Today, more than 850 families in 100 villages throughout Pakistan work on Bunyaad looms: artisans are guaranteed fair wages, child labor is forbidden, and they are paid not by speed but per knot, ensuring high-count, high-quality pieces.
Bunyaad brings Christian and Muslim rug artisans together, transcending differences of religion and tradition, so it’s also a peace-building project.
According to the folks at Ten Thousand Villages, they had record sales of the rugs last year after a story appeared in House+Home. Let’s see how we’ll do this year.
Help! Our basement smells
Speaking of household smells, this next request comes from my husband, sports columnist Vahe Gregorian.
He’s looking for a solution to the dankness that seeps from our basement after a storm.
Our house is 107 years old and has a limestone foundation that leaks. We don’t accumulate more than a few puddles here and there, but you’d think it was fall 1977 at the Country Club Plaza the way he acts when it rains.
He summons me into the basement to look at the puddles and rack my brain over how to prevent them even though we’ve regraded the soil around our house and had new gutters and various types of outdoor drainage systems installed.
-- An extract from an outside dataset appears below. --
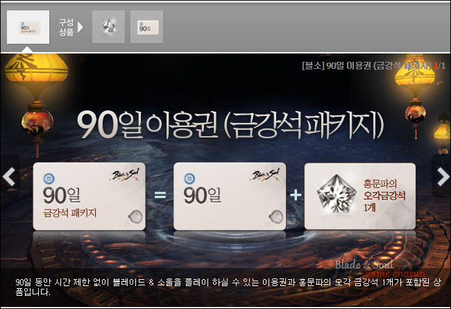 ... 신규 90일 이용권, 금강석 패키지! 공격력 +19 금강석을 준다! 새로운 90일 이용권이 28일 새벽 1시경 갑작스럽게 공개 됐다! 이번에 등장한 신규 이용권은 '금강석 패키지'이며, 금강석 패키지는 90일 이용권과 함께 홍문파의 오각 금강석을 주도록 구성돼 일반

A dehumidifier dries the puddles within a few hours and the smell is really not that bad, so I refuse to spend $7,000 to install a sump pump and French drain. I’ve convinced him to live with the short-lived puddles, but he can’t bear the smell — faint as it is — that comes with them.
So now, dear readers, if you can come up with a simple, inexpensive solution for that smell, we’ll invite you, your significant other and another couple to our home for dinner, at which time you can pummel my husband with sports questions.
By the way, we have also hung bags of lava rocks down there. It isn’t working.